Given that corticosteroids are the only currently available pharmacological treatment option for TON, this study’s observations highlight the importance of targeting LOX, CYP, and sEH enzymes to expand on possible treatment methods. However, this pilot study is limited by its small sample size, which likely reduced power to detect significant differences, especially at the individual metabolite level. Moreover, analysis was restricted to the retina, and did not include optic nerve tissue, which is the primary site of TON injury. Future studies will expand lipidomic profiling to the optic nerve and investigate phospholipase A2 activity—upstream of LOX enzyme. Additionally, the variability observed across animals suggests that biological or technical replicates may further clarify which lipid changes are robust features of TON. Lastly, in discussing our results, it is also important to note that many of these lipid mediators have dual or context-dependent roles depending on the cellular microenvironment, receptor availability, and disease context, which presents a challenge when attempting to translate findings into clinical strategies.

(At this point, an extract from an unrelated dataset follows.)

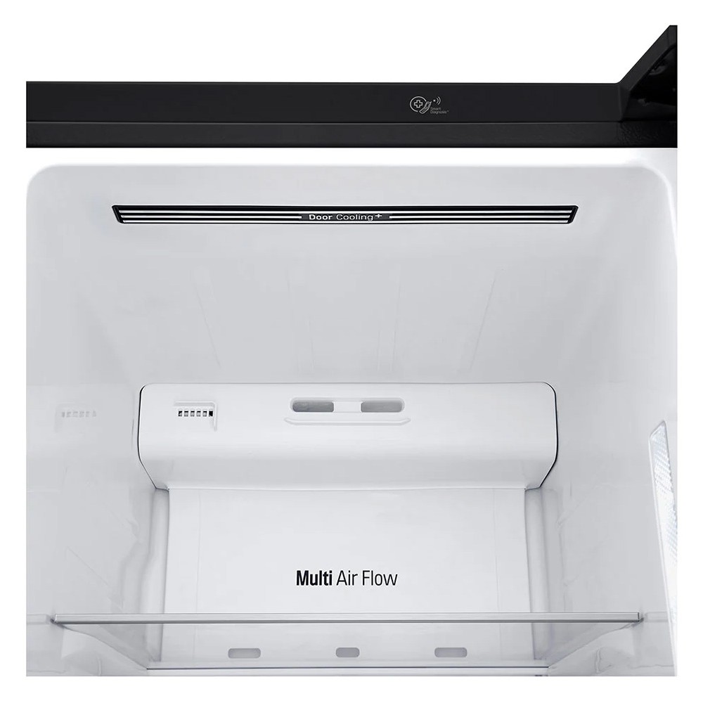 فناوری جریان هوای چندگانه (Multi Air Flow)، فناوری توسعه یافته توسط ال جی برای اطمینان از جریان هوای کاملتر و یکنواختتر در داخل یخچالها است که میتوانید شاهد فعالیت آن بر روی یخچال فریزر 24 فوت ال جی X257 باشید. این قابلیت به تازهتر ماندن غذا و جلوگیری از عدم تعادل دما در قفسهها کمک میکند و دماهای دقیقتر و ثابتتری را ارائه میکند. این فناوری از چندین ویژگی پیشرفته مانند دریچههای متعدد در حفره یخچال، خنککننده جریان هوای چندگانه و محرک هوا تشکیل شده است که همگی برای بهینهسازی و گردش هوا در داخل یخچال بهطور کارآمدتر طراحی شدهاند. دریچههای متعدد در حفره یخچال، جریان هوا را به خوبی توزیع میکنند که نقاط گرم و سرد را از بین میبرد. در واقع این ویژگی محرک هوا به شدت جریان هوای داخل یخچال را کنترل میکند و به حفظ دمای ثابت در داخل یخچال کمک خواهد کرد و جریان هوای سرد را به طور یکنواخت به دیواره پشتی و قفسهها پخش میکند بنابراین این سیستم خنک کننده خلاقانه شرایطی عالی را برای نگهداری مواد غذایی شما در داخل یخچال فراهم میکند. DoorCooling یا همان خنک کننده درب ال جی چگونه کار میکند؟ این قابلیت جریان هوای سردی را فراهم میکند که با باز یا بسته شدن درب یخچال، یخچال را سریعتر خنک خواهد کرد. یخچال این جریان هوای سرد را در تمام عرض دستگاه از بالا به پایین انتشار میدهد بنابراین حتی محتویات داخل درب یخچال هم خنک میشوند به این ترتیب، مواد غذایی شما تحت تأثیر تغییرات دما قرار نمیگیرند و نوشیدنیهای در یا پشت به همان اندازه خنک هستند که نوشیدنیهای وسط آن خنک میباشند. در واقع عدم وجود نوسان دمایی در یخچال مزیت بزرگی برای غذای شماست. دمای ثابت تضمین میکند که مواد غذایی شما ماندگاری طولانیتری دارند. این فناوری به سرعت فضای داخلی یخچال را به دمای مناسب باز میگرداند. به این ترتیب یخچال نسبت به مدلهای دیگر انرژی کمتری مصرف میکند.

In summary, our study showed a consistent trend towards increased retinal levels of PUFA-derived metabolites that is worth further investigation in the future. With studies suggesting that the compartment-syndromic nature of TON causes ischemic effects [15,52], exploring the relationship between bioactive lipid metabolites in the retinal blood supply and identifying their specific receptors in retina and optic neuronal cells will better elucidate the role of these lipids in TON.

5. Conclusions

Multiple enzymes are involved in metabolizing PUFAs into bioactive lipid metabolites that play various roles in cellular function and interaction. With increasing interest in bioactive lipids from PUFAs in disease processes involving inflammatory pathways, understanding biomarkers in the retina caused by TON can help determine possible therapeutic targets that are less invasive compared to currently used treatment options. Our data demonstrate that TON is associated with increased levels of several PUFA metabolites. Although these increases did not reach statistical significance, the consistent increasing trend underscores the biological relevance of these pathways and highlights the need for further investigation. These findings are important, as even delicate shifts in the balance between pro- and anti-inflammatory metabolites may critically influence retinal functional outcomes after TON. Future studies are warranted to precisely define this balance and to explore targetable therapeutic strategies.